The in-house CAMO team (Continuing Airworthiness Management Organisation) is composed of highly qualified engineers who ensure that the maintenance of the fleet is performed in full compliance with manufacturers’ requirements, only by manufacturer-approved service centres, and that applicable safety regulations are always met.
One of the Safety Manager’s recent improvements has been to implement a new Fatigue Risk Management System (FRMS), which includes recurrent training and hazard identification through the monitoring of crew alertness on flights. The simple, 30-second written document helps crew to assess themselves on a four-point scale at the most critical stages of the flight.
The FRMS manual is intended for all crew members, as well as ground operations staff working around the clock on shifts. It emphasises the need for adequate sleep, identifies work-related risks and how to monitor fatigue.
“It not only teaches them how to identify and deal with fatigue, especially on night flights and long haul, but also how to prepare themselves for their duties in the best manner. We submitted the project to the Federal Office of Civil Aviation (FOCA) and were delighted when it was approved with high enthusiasm from them.”
“Hopefully, it will be used on a more widespread basis in the future but first it has to be monitored for two or three years.”

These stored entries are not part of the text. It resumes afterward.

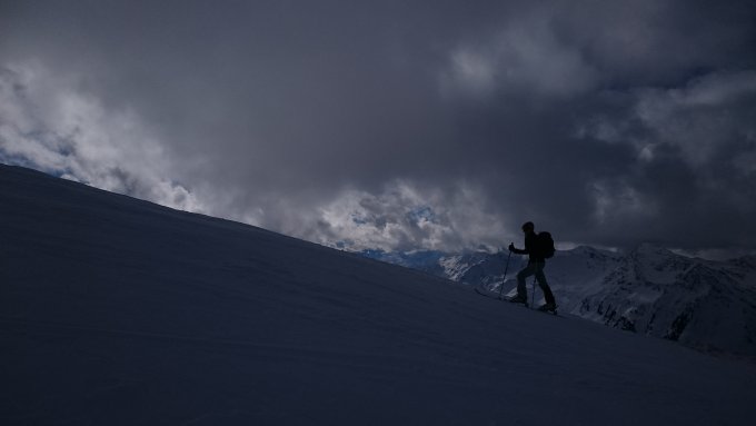 Bis zu den Almen also nur über die Forststrasse, dann mit wenig Schnee über die Wiesenhänge hinauf. Weiter oben dann mehr Schnee mit Unterlage. Ab dem Grat alles abgeblasen und teilweise pickehart.
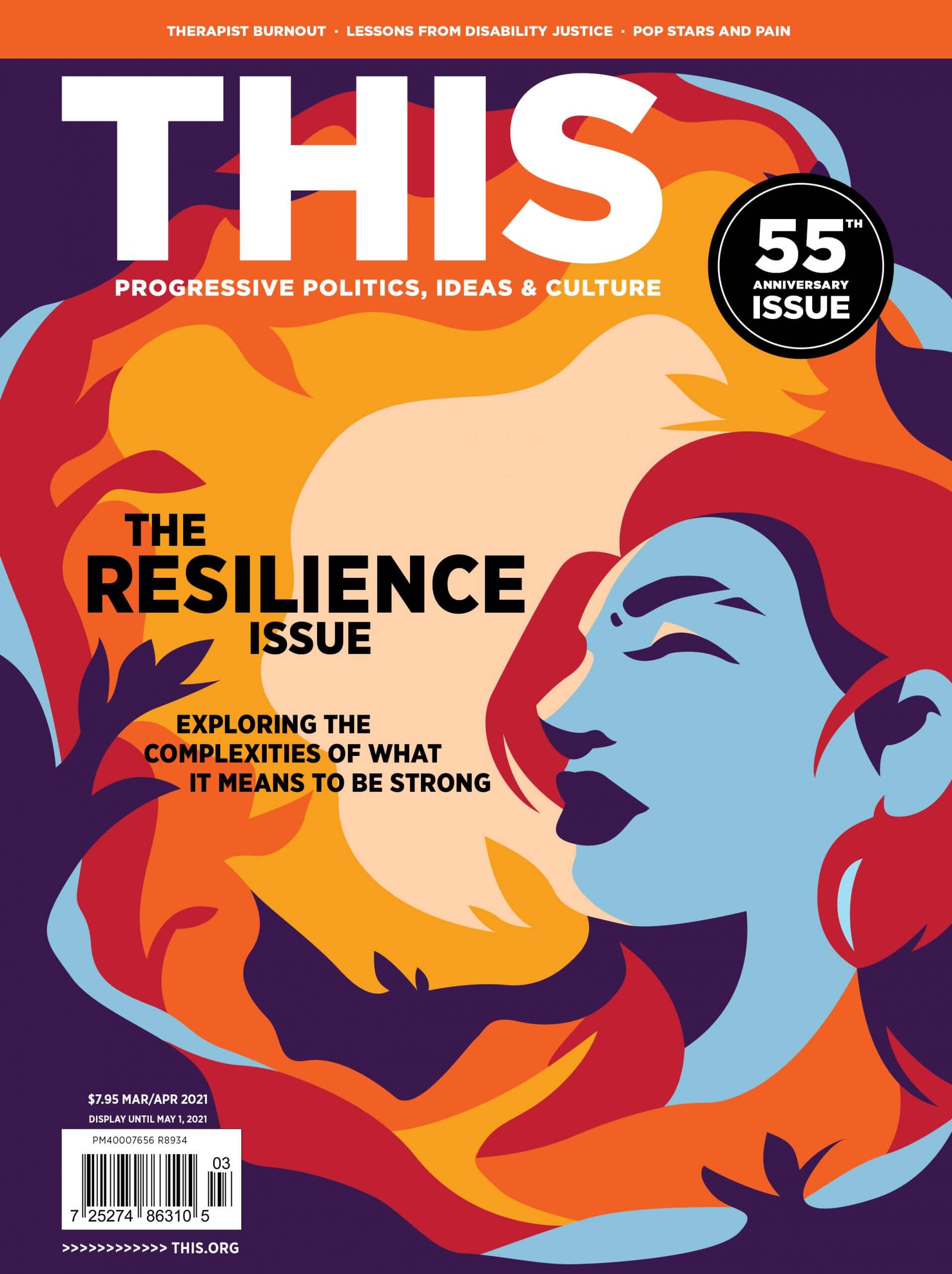 Resilience seemed like an obvious theme to us, but a complex one. This issue marks our 55th anniversary as a publication. As you’ll learn in the timeline in our front section, This started in 1966 as a journal about education; it was one of the first alternative journals in North America. Publishing as an independent not-for-profit magazine takes resilience. We’ve published through changing political landscapes, the start and end of many progressive publications and projects; we’ve published with limited resources and funding delays. But we’ve published with a consistent mandate: to bring you stories and perspectives left out of the mainstream media. We often cover acts of resistance, but much of our regular coverage fits under the umbrella of resilience too.
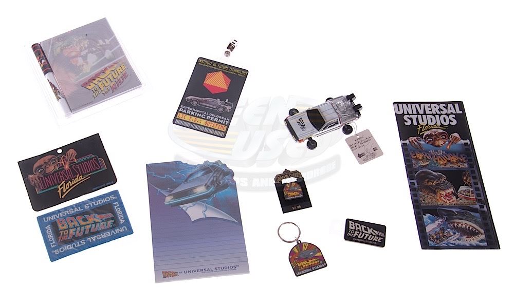 A collection of nine pieces of original vintage Back to the Future the Ride memorabilia consisting of a toy DeLorean Time Machine measuring 4.25" in length, a notepad in its original packaging, a keychain, a pin, a fridge magnet, a laminated "Institute of Future Technology" DeLorean parking permit, a cloth patch in its original packaging measuring 4.5" x 2.75", a pen and notepad set in its original packaging and a Universal Studios Florida guide booklet.
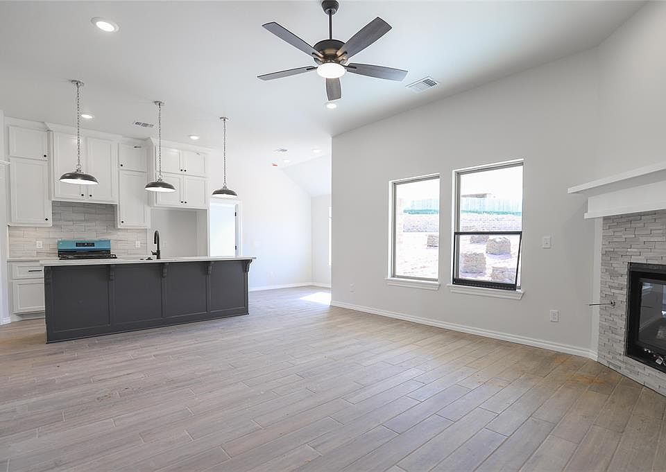 This Brinklee floor plan embraces 1,595 sqft of total living space, which includes 1,500 sqft of indoor living and 95 sqft of outdoor living space. This Taber home offers 3 bedrooms, 2 full bathrooms, 2 covered patios, a utility room, and a 2-car garage with a storm shelter installed. The living room provides a stacked stone surround corner gas fireplace, large windows, a ceiling fan, and wood-look tile. The high-end kitchen supports a large corner pantry, 3 CM countertops, custom-built cabinets to the ceiling, elegant tile backsplash, a center island, and stunning pendant lighting. The primary suite provides a sloped ceiling detail with a ceiling fan, windows, and our cozy carpet finish. The attached spa-like bath supports a free-standing tub, a spacious walk-in shower, a dual sink vanity, and a huge walk-in closet. The covered outdoor living section offers a wood-burning fireplace, a gas line, and a TV hookup. Other amenities include our healthy home technology, a tankless water heater, R-44 Insulation, a fresh air ventilation system, and so much more!
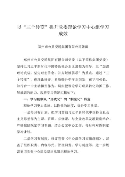 党组学习:20240730(经验交流)以“三个转变”提升党委理论学习中心组学习成效——郑州市公共交通集团有限公司

The Safety Manager also says that a widely implemented ‘Just Culture’ encourages staff to report occurrences as much as they can. Based on a learn-by-experience philosophy, the culture encourages the sharing of safety related information in an atmosphere of trust.
It has been a simple but effective tool in the safety process. “There has been a lot of internal marketing to encourage staff to do this. We rely on them as the eyes and ears of the company.”
Reporting back feeds the company’s Safety Review Board and Safety Action Group, helping them to take strategic decisions and actions to achieve the established safety performance goals.